Ludwig Venetianer (Venetianer Lajos) (May 19, 1867 in Kecskemét – November 25, 1922 in Újpest) was a Hungarian rabbi and writer.

Venetianer was born in Kecskemét. He studied at the rabbinical seminary and the University of Budapest, at the Jewish Theological Seminary (Breslau) and the University of Breslau, 1888–89 (Ph.D. 1890, Budapest). Receiving his diploma as rabbi from the Budapest University of Jewish Studies in 1892, he officiated as rabbi at Somogy-Csurgó from that year to 1895, holding at the same time the chair of Hungarian and German literatures at the Evangelical Reform Gymnasium of that city. In 1895 he was called to the rabbinate of Lugos, and in the following year to the rabbinate of Újpest near Budapest.

== Literary works ==
Venetianer is the author of:
- A Fokozatok Könyve, on the sources of Shem-Tov ibn Falaquera (Szeged, 1890)

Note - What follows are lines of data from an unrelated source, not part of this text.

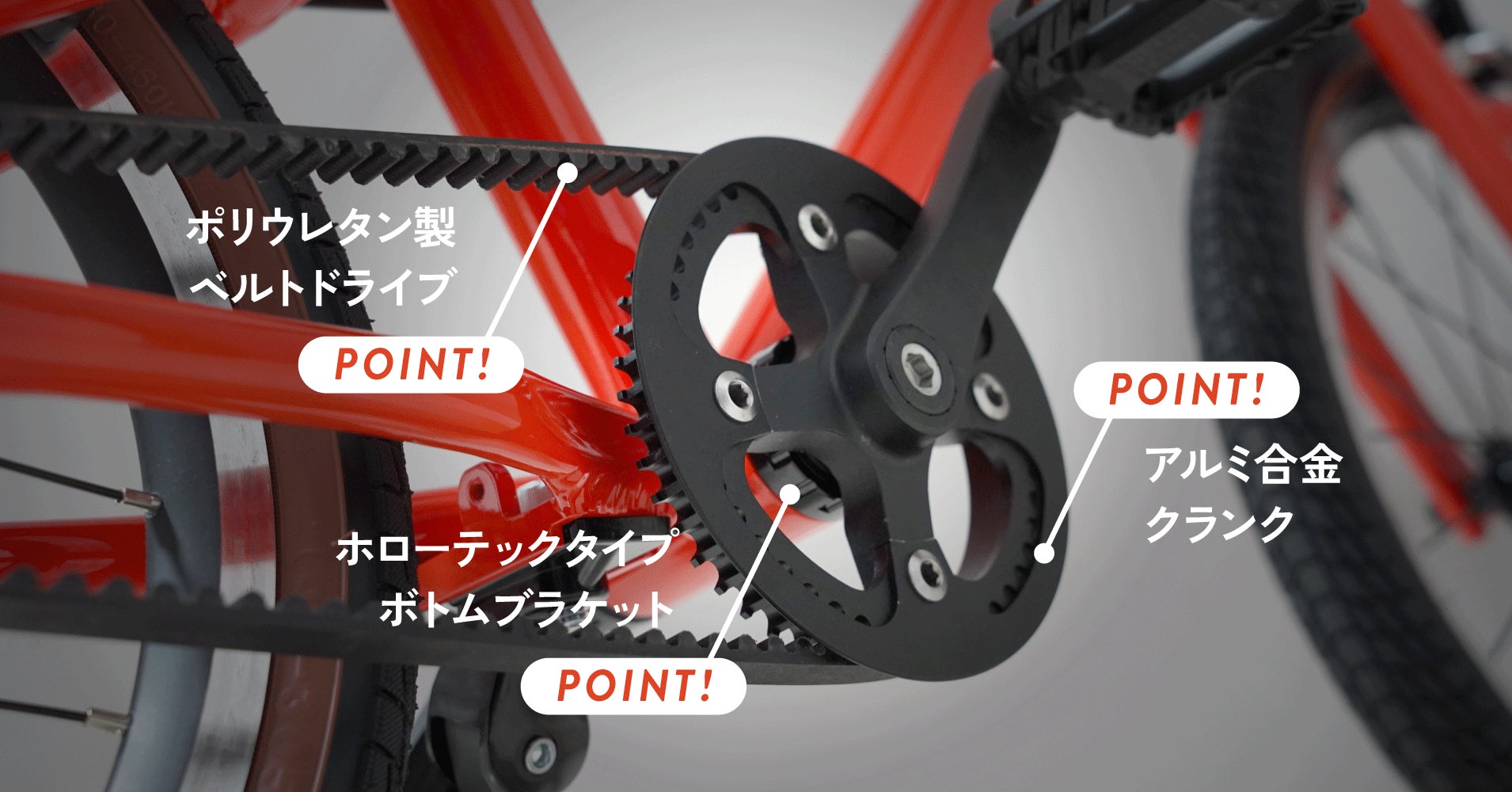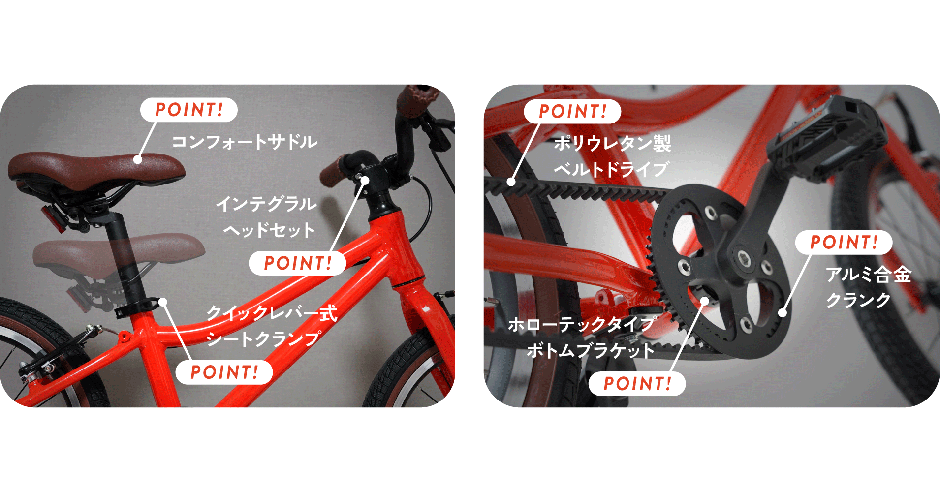 ハイグレードのスポーツバイクでしか使われないパーツを搭載し、小さなお子様でもエネルギー効率を高めた、軽いペダリングを体感できます。
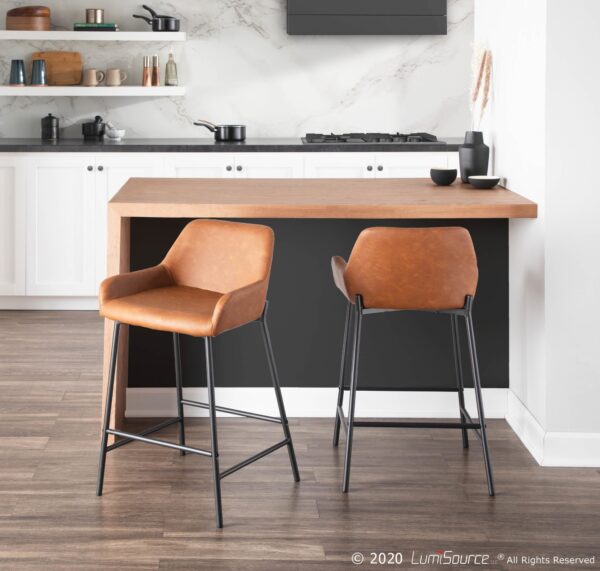 Add stylish and comfortable seating to your kitchen or counter area with the industrial charm of the Daniella Counter Stool by LumiSource. Featuring a sleek faux leather upholstery, padded seat, and backrest and a unique black metal frame. The Daniella is available in a variety of upholstery colors.
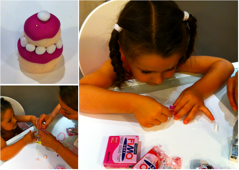 En cherchant de nouveaux ateliers pour ma chouchou de 4 ans ½, j’ai découvert l’existence des ateliers Modelage/Montage sur le site d’Une mère, une fille à Paris. L’idée de lui faire réaliser des gâteaux qui ne se mangent pas m’a beaucoup plu et j’ai voulu tester.
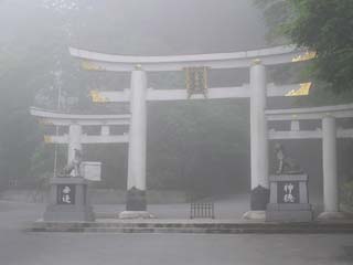 三峯神社は杉の林の中にたってます。霧に漂う杉の香りがたまらなく気持ちが良いです。
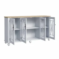 Finished in a rich brown, this vintage style floor cabinet measures 28β tall and 31.25β wide, making it the perfect storage solution for extra household items. Mount a sunburst mirror and display books, clocks or lavender for a French-inspired vignette in the hallway. The four-door cabinet can also store china and silverware for a traditional, elegant style dining room. A glossy finish and subtle gold accents highlight the ornamental designs and intricate crown molding on the cabinetβs doors. Each door features a dusty pink peony motif.
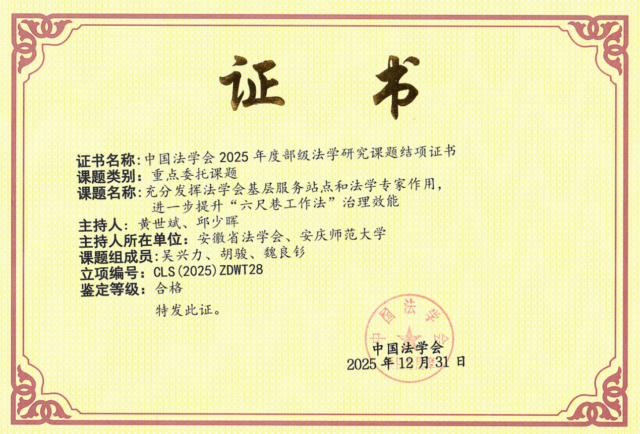近日,由明升官网 承担的中国法学会部级重点委托课题“充分发挥法学会基层服务站点和法学专家作用,进一步提升‘六尺巷工作法’治理效能”(项目编号:CLS(2025)ZDWT28,牵头人:黄世斌,主持人:邱少晖,参与人:吴兴力、胡骏、魏良钐)顺利结项,为推动“六尺巷工作法”相关研究打下坚实基础。
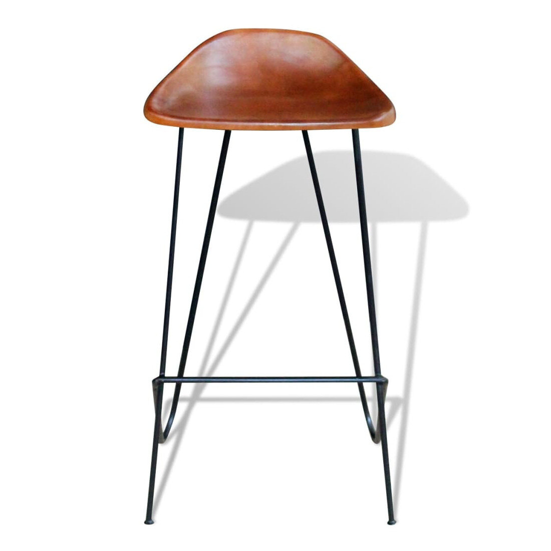 Tabourets de bar Bohème / Nature en lot de 2 en cuir véritable & Bois Brun 75 cm
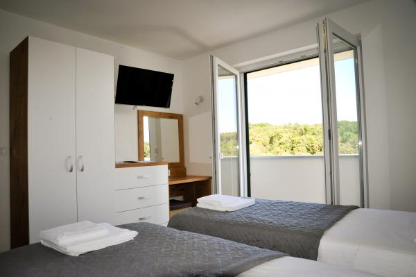 Új építésű objektum, 6 apartman, a legújabb szabványok és feltételek szerint. A szálláshely 3 perces sétára fekszik a strandtól és a gyönyörű Matovica-öböltől. Az apartmanok kényelmesek és teljesen felszereltek. Az objektum mellett van egy fűtött medence a létesítmény vendégei számára. Minden szobához külön fürdőszoba, síkképernyős TV, smink íróasztal tartozik. A szobákban a vendégek igényei szerint egyesíthető és elválasztható ágyak találhatók. A létesítményben, valamint az apartmanokban a bejárat kártyával vagy jelszóval lehetséges, így a vendégnek nem kell zavarnia a kulcsokkal. Minden apartmanhoz egy gyönyörű, nagy terasz és erkély tartozik.

- A Felebaráti Szeretet a Zsidó Ethikában, on charity in Jewish ethics (Budapest, 1891)
- Das Buch der Grade von Schemtob ibn Falaquera (Berlin, 1894)
- Die Eleusinischen Mysterien im Jerusalemischen Tempel (Frankfurt am Main, 1897)

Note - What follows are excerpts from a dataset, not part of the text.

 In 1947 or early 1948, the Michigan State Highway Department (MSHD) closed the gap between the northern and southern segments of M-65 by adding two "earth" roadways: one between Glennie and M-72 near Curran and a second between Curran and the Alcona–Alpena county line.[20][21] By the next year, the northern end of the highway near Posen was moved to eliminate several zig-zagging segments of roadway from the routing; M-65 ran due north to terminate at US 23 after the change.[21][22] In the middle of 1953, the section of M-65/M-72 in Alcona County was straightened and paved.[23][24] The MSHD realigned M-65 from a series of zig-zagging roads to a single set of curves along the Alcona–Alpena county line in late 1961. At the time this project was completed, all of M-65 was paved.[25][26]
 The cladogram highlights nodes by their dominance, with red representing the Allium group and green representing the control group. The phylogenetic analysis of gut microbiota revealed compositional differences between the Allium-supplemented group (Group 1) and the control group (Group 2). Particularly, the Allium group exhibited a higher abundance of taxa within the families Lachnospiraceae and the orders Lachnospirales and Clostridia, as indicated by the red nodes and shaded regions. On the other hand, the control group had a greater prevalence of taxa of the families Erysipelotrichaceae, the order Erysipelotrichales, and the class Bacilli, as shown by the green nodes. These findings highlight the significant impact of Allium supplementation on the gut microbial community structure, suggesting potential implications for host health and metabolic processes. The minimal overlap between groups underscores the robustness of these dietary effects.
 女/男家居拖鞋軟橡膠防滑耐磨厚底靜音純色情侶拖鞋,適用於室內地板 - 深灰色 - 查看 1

- A Héber-Magyar Összehasonlitó Nyelvészet, a history of Hebrew-Hungarian philology (Budapest, 1898)
- A Zsidóság Szervezete az Európai Államokban, a history of the Jewish communal constitution in Europe (ib. 1901)
- A Magyar Zsidóság Szervezetéről, a work treating of the organization of the Jews in Hungary (ib. 1903)

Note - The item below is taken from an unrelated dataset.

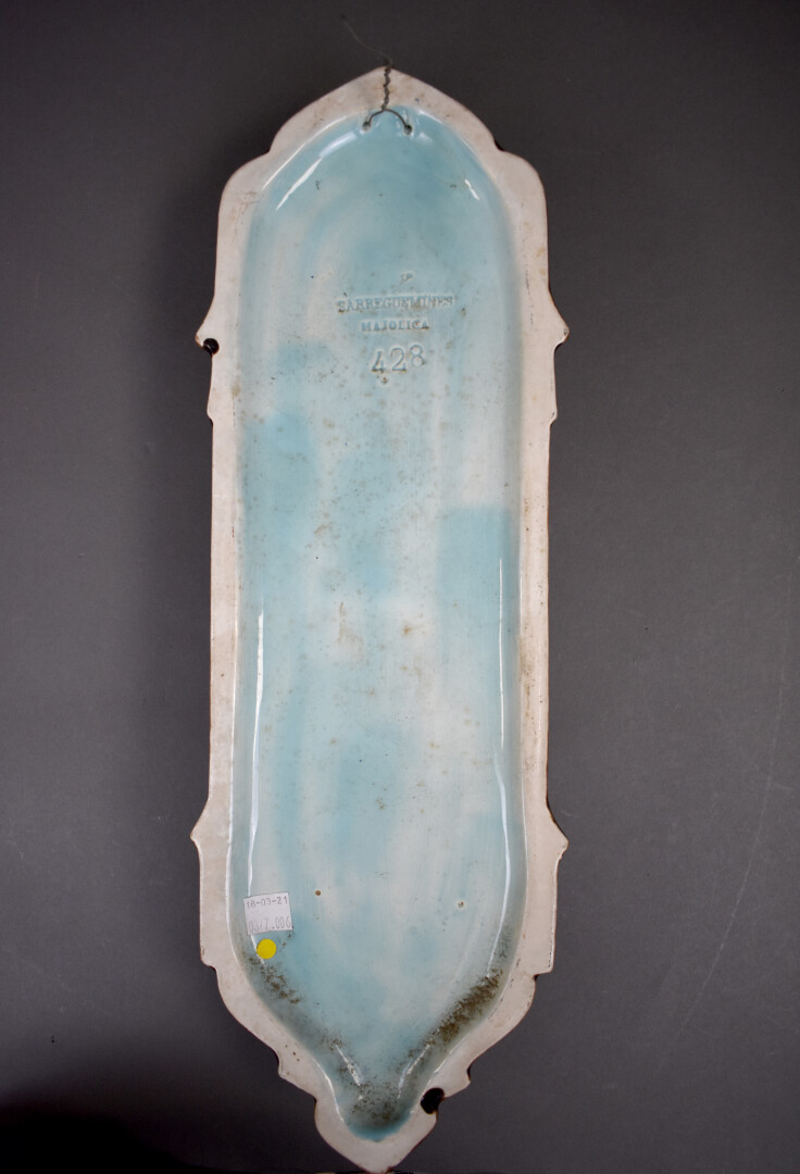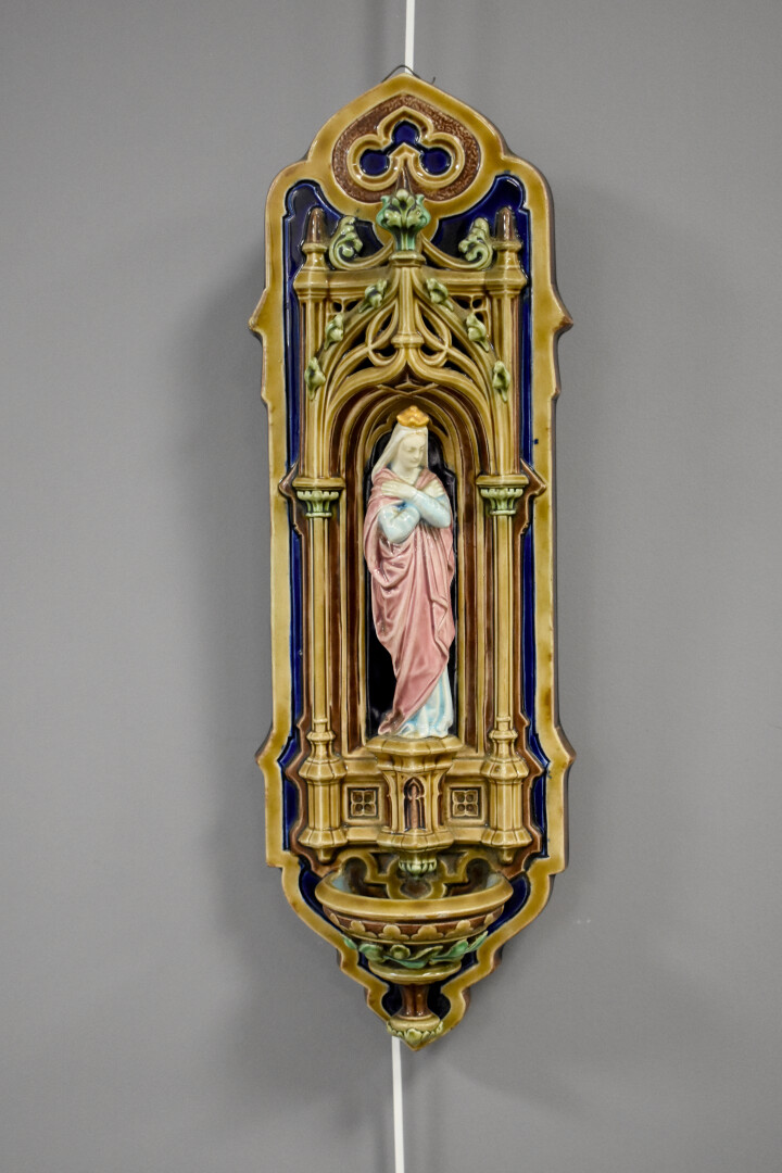 Bénitier en faïence de SARREGUEMINES (un cheveu en bas de la robe de la Vierge). Vers 1900. Marqué sous la base Majolica. Haut. : 48 cm.

- A Zsidóság Eszméi és Tanai, a treatise on the conceptions and doctrines of Judaism (ib. 1904).
- Ludwig Venetianer: Jüdisches im Christentum (Frankfurt am Main, 1913). Marianna Varga, Erinnerung an Ludwig Venetianer, Emlékezés Venetianer Lajosra, Tanulmány, Studie. Deutsch, Ungarisch. Peter W. Metzler Verlag (Duisburg, 2004) ISBN 978-3-936283-08-2
- Ludwig Venetianer: Die Messiashoffnung des Judenthums, Vortrag (Wien, 1915), Peter W. Metzler Verlag, (Duisburg, 2006) ISBN 978-3-936283-09-9
- Ludwig Venetianer: Die Messiashoffnung des Judentums, Vortrag (Wien, 1915), Peter W. Metzler Verlag, (Duisburg, 2010) ISBN 978-3-936283-11-2
- Lajos / Ludwig Venetianer: Kossuth Lajos, Emlekbeszed, Gedenkansprache (Somogy Csurgói, 1894). 1848 Marczius 15., Ünnepi Beszed, Festansprache (Ujpest, 1898). Die Messiashoffnung des Judentums, Vortrag (Wien, 1915), Peter W. Metzler Verlag, (Duisburg, 2010) ISBN 978-3-936283-12-9

He has also contributed numerous articles to periodicals, including Egyenlőség, Társadalmi Lapok, Jahrbuch des Litteraturvereins, Pesti Napló, Magyar-Zsidó Szemle, Orientalistische Litteraturzeitung, Ethnographia, and Bloch's Festschrift (supplement to the Österreichische Wochenschrift); and he has published some sermons in Hungarian.

== Bibliography ==
- A. Csurgói, Tanitó-Képző Intézet Története, p. 45;
- Gesch. des Jüdisch-Theologischen Seminars in Breslau, p. 199.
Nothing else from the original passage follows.